*** Begin section ***

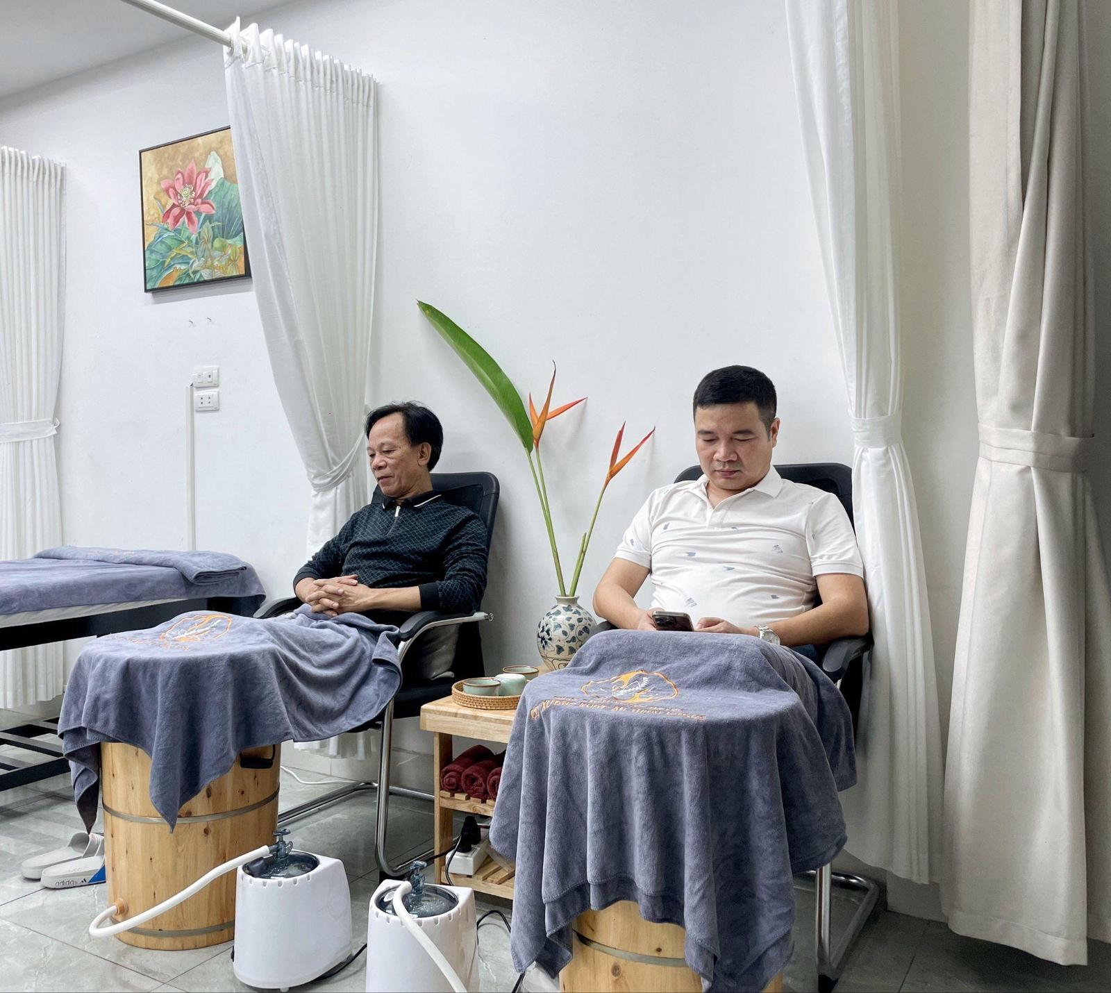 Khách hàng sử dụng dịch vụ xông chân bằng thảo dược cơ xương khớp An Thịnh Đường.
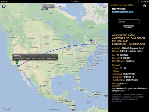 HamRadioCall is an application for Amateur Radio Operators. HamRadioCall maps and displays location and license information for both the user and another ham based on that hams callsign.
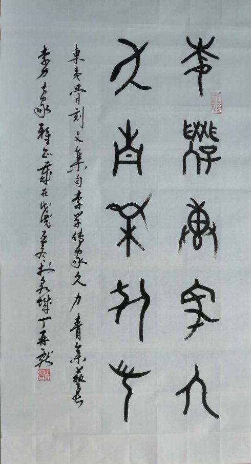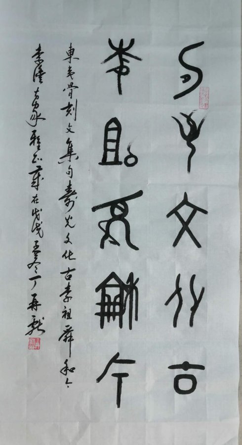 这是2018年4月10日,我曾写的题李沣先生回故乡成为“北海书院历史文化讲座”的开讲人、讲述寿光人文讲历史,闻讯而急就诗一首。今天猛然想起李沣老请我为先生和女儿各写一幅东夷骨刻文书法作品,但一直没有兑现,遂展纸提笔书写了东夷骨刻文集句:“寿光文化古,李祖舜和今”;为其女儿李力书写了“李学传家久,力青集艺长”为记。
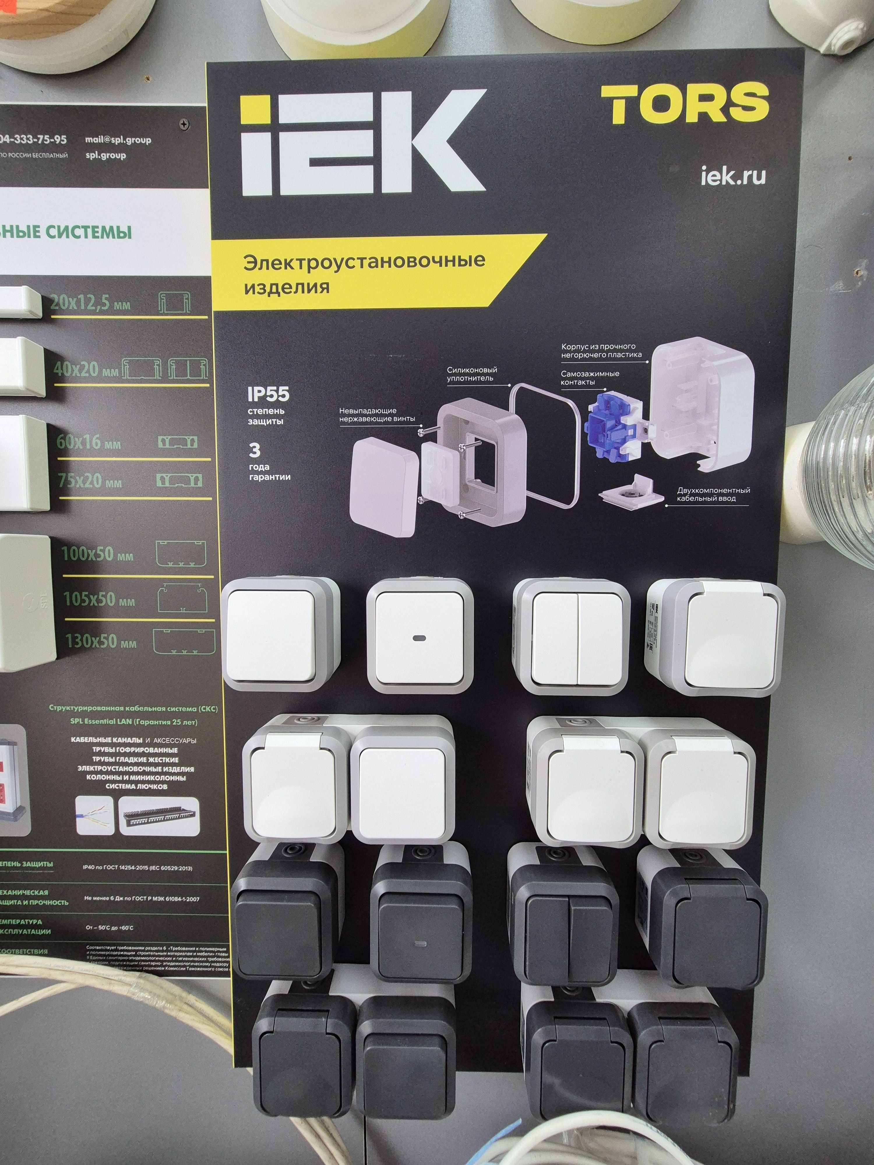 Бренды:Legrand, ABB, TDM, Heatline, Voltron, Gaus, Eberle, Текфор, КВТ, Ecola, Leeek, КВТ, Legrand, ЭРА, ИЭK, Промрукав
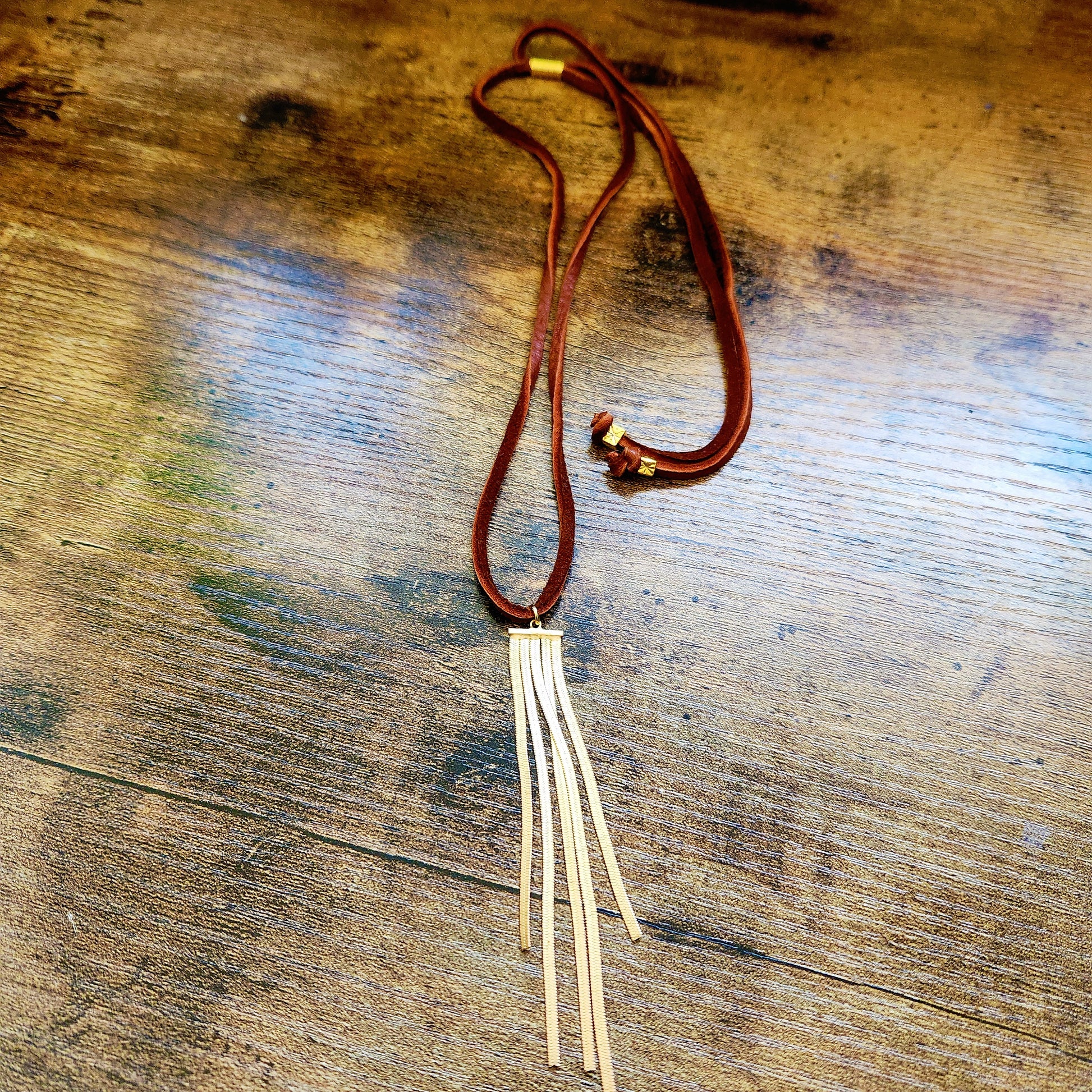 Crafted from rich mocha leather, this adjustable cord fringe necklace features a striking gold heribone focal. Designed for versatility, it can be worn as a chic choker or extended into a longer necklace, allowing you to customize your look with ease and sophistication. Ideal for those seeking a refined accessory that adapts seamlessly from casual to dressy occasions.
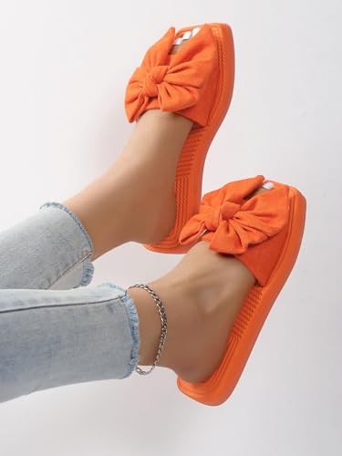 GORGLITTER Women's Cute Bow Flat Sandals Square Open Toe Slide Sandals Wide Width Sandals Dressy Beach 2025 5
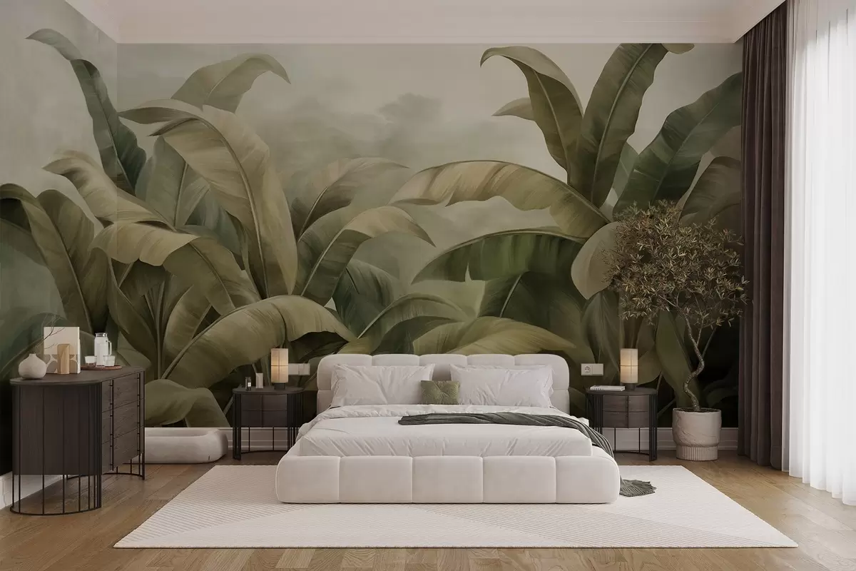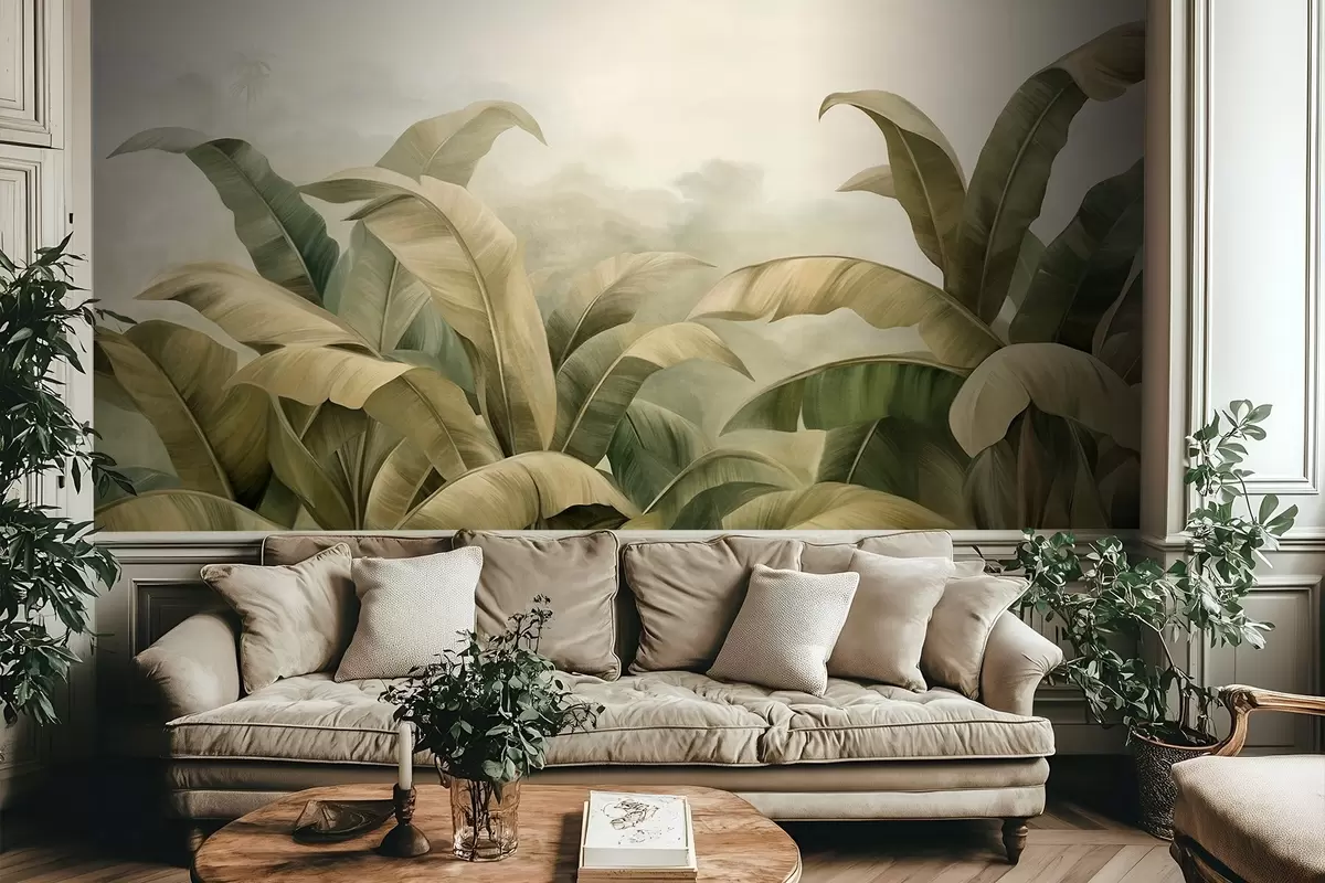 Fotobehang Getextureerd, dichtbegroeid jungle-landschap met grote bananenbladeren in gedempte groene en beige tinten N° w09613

*** End section ***

Pictures aside, reproduce all of the data exactly.

■ **ANSWER FOR THIS EXERCISE**
 Khách hàng sử dụng dịch vụ xông chân bằng thảo dược cơ xương khớp An Thịnh Đường.
 HamRadioCall is an application for Amateur Radio Operators. HamRadioCall maps and displays location and license information for both the user and another ham based on that hams callsign.
 这是2018年4月10日,我曾写的题李沣先生回故乡成为“北海书院历史文化讲座”的开讲人、讲述寿光人文讲历史,闻讯而急就诗一首。今天猛然想起李沣老请我为先生和女儿各写一幅东夷骨刻文书法作品,但一直没有兑现,遂展纸提笔书写了东夷骨刻文集句:“寿光文化古,李祖舜和今”;为其女儿李力书写了“李学传家久,力青集艺长”为记。
 Бренды:Legrand, ABB, TDM, Heatline, Voltron, Gaus, Eberle, Текфор, КВТ, Ecola, Leeek, КВТ, Legrand, ЭРА, ИЭK, Промрукав
 Crafted from rich mocha leather, this adjustable cord fringe necklace features a striking gold heribone focal. Designed for versatility, it can be worn as a chic choker or extended into a longer necklace, allowing you to customize your look with ease and sophistication. Ideal for those seeking a refined accessory that adapts seamlessly from casual to dressy occasions.
 GORGLITTER Women's Cute Bow Flat Sandals Square Open Toe Slide Sandals Wide Width Sandals Dressy Beach 2025 5
 Fotobehang Getextureerd, dichtbegroeid jungle-landschap met grote bananenbladeren in gedempte groene en beige tinten N° w09613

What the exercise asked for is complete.